Марина Дмитревская
«Старик и море», вне всякого сомнения, выдающийся спектакль, и нет смысла ставить это утверждение на «repeat».
Может быть, испытав при первой встрече с ним огромное волнение, не стоило нажимать на этот самый «repeat» и идти в БДТ, где в рамках фестиваля Анатолия Васильева играли спектакль. Но тянуло.
Потому что в тот, первый, раз, случайно попав на «Старика и море» в Екатеринбурге, я настолько застыла, захваченная медитативным визуальным покоем, сквозь который бурлящим винтовым потоком, штопором шел по-настоящему драматический, трагический монолог Аллы Демидовой, — что невозможно было вынуть привычные блокнот/ручку. Я думала, созерцая. Спектакль был как совершенный иероглиф, как природа, как море, и не хотелось тревожить саму себя ручкой/блокнотом, отдаваясь «Старику и морю — как движению и не пытаясь фиксировать возникавшие соображения по поводу внешнего и внутреннего ритма, внешней «глади» и внутреннего градуса.

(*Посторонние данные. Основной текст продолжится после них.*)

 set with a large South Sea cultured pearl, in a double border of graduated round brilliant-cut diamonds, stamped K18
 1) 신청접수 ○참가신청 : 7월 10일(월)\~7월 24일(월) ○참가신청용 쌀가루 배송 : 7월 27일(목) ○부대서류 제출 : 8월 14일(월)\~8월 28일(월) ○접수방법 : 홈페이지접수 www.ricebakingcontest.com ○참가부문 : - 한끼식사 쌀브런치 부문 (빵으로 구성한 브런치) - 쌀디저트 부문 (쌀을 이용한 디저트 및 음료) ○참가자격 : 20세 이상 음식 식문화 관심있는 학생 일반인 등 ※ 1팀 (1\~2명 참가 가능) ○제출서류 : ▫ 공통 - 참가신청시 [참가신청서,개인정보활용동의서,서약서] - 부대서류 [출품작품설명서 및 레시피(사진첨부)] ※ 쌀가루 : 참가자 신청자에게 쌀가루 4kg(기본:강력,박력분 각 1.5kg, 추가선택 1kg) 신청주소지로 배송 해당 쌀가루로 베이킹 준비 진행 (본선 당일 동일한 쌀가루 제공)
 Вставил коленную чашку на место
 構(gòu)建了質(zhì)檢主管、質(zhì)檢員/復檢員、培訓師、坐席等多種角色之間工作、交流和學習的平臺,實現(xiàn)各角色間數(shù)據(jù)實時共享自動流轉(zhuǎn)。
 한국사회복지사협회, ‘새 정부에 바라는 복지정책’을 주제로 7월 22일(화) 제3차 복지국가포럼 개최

Я была захвачена тремя параллельными процессами. Помимо жизни сцены-океана и жизни Демидовой, шла моя собственная внутренняя жизнь, спектакль провоцировал переживание памяти Юрия Петровича Любимова, которому посвящен, переживание природы драматического творчества в его органике и вершинах ХХ века — от Любимова до самого Васильева, от Брука до Эфроса…
Слово «гениально», которое употребляю совсем редко, казалось абсолютно очевидным, но не имело никакой дополнительной, в том числе восклицательной, коннотации. Спокойно так — гениально.

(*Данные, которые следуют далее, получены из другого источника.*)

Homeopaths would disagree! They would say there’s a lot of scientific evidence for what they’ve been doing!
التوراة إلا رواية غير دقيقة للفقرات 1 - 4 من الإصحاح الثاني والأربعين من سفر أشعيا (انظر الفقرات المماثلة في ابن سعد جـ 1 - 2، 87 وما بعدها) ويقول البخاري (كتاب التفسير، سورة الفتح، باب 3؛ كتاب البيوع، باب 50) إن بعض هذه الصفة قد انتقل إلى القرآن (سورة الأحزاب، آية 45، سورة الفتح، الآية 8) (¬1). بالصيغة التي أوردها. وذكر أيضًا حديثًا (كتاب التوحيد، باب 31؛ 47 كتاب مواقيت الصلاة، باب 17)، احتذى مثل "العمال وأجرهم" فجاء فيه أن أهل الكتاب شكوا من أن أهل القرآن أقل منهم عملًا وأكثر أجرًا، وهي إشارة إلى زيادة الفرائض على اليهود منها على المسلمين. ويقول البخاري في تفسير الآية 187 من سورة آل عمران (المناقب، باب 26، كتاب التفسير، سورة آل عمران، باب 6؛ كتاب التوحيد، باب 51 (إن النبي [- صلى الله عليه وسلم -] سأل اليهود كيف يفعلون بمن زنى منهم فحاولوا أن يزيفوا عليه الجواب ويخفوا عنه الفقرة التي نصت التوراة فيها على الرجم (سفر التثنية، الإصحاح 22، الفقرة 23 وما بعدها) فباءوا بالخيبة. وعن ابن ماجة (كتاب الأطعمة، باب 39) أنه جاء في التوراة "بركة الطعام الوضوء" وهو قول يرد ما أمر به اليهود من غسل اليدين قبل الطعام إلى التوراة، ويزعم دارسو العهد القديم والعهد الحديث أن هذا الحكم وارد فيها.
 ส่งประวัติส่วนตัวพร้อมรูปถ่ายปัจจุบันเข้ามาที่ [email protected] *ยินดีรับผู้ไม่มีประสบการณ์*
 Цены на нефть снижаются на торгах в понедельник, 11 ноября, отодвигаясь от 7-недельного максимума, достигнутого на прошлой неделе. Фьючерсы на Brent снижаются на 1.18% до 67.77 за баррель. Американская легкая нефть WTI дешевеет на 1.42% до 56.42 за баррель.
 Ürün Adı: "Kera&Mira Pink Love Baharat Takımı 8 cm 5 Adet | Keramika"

Гениально и просто выбрать для посвящения титану Любимову в его столетие историю борьбы Старика и моря, историю обретения и потери им своей большой рыбы (Ррыбы! — акцентирует Демидова). Тут как раз все коннотации на месте. И о природе творчества, завещанного великим предшественниками и учителями, будь то Ди Маджио или Брехт. И о знании океана, его подводной жизни, повадок каждой театральной рыбы. И о ловле этих рыб, и об искусстве слышать шорохи воды времени, об умении править парус, чувствовать направление ветра, о напряжении всех сил в борьбе за пойманное, обретенное. Посвящение/поклон Любимову — трагическая история о потере рыбы-жизни. Об иссякании сил, но и о неумирании. О способности размозжить последним напряжением сил черепа стае акул, но и о неспособности спасти свою рррыбу-театррр от тех, кто отъедает от нее куски… И о золотых снах, в которых к великим приходят только львы — и, может быть, театральным львам снятся не настоящие, из саваны, а обаятельные театральные персонажи, как огромный яркий японский львенок, появляющийся на сцене и кокетливо играющий лапками и глазками…

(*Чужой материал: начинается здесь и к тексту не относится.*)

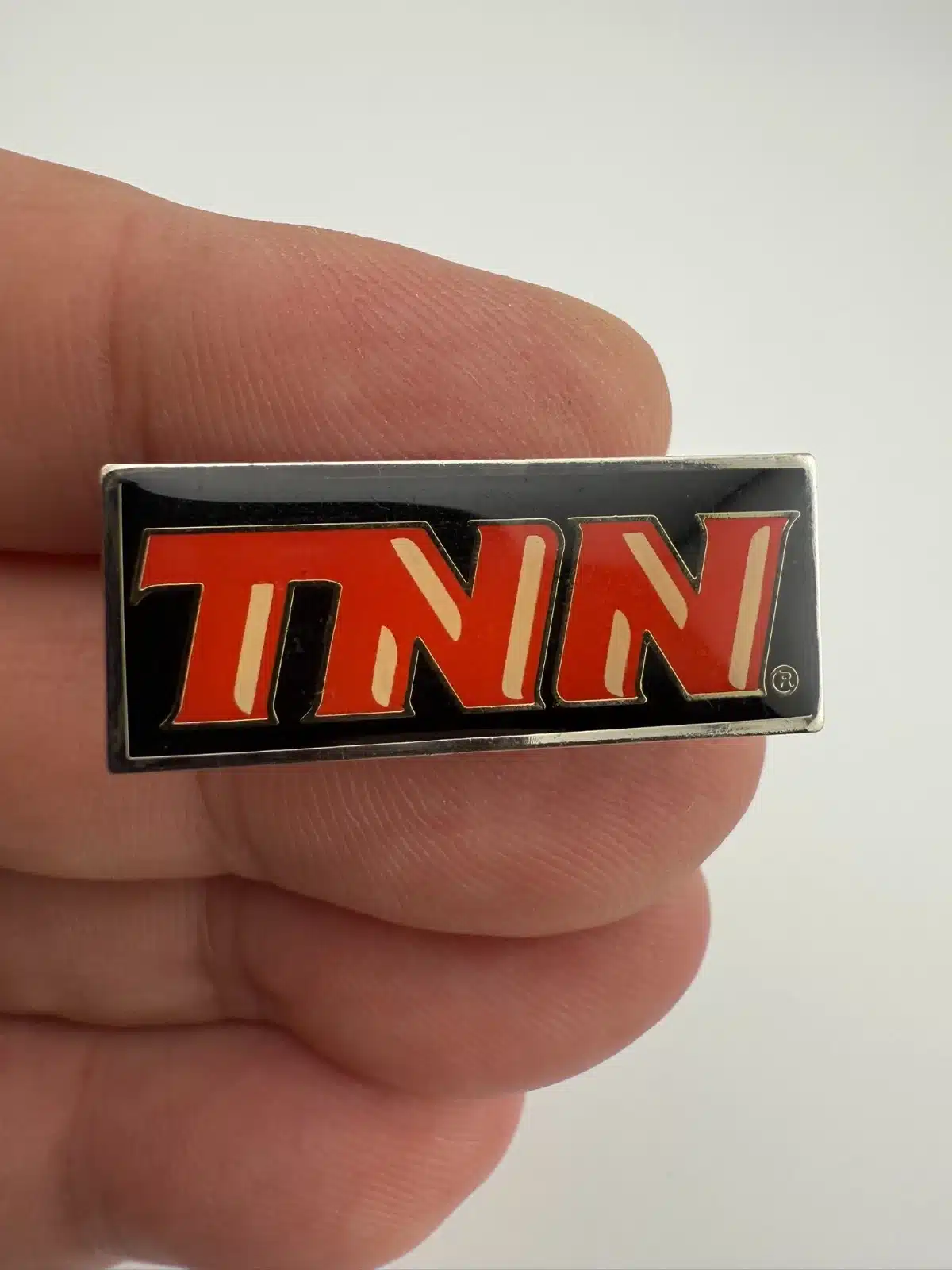 Featuring a silver tone finish with a black background, this rectangular pin displays the bold red letters TNN across the front in a clean logo-based design. The strong color contrast gives it a simple, recognizable broadcast branding look.

Формальные, конкретные атрибуты из жизни Любимова, конечно, опошляют «Старика и море», но через Демидову-протагониста Таганки — через ее аффективную память и интеллектуализм, иронию и концептуальную лирику получается сказать об очень многом. Даже не сказать — передать.
Гениально и просто было придать многословному «Старику и морю» минимализм японского иероглифа и стилистку ритуала. Не только затем, чтобы дать возможность Демидовой сберегать силы (в свои восемьдесят с гаком она в одиночку держит большой зал в течение двух с чем-то часов). Но затем, чтобы она сразу была явлена настоящим самураем, Стариком-самураем, самураем-собой, Аллой Демидовой, Любимовым-самураем… Здесь нет женского. Старик. Человек. Воин. Сбережение сил для воплощения текста (Демидова сидит, не вставая, таща гигантскую прозаическую тяжесть слов Хемингуэя, как Старик – рыбу) и сбережение сил Стариком, поймавшим рыбу больше своей лодки, тут отождествлены.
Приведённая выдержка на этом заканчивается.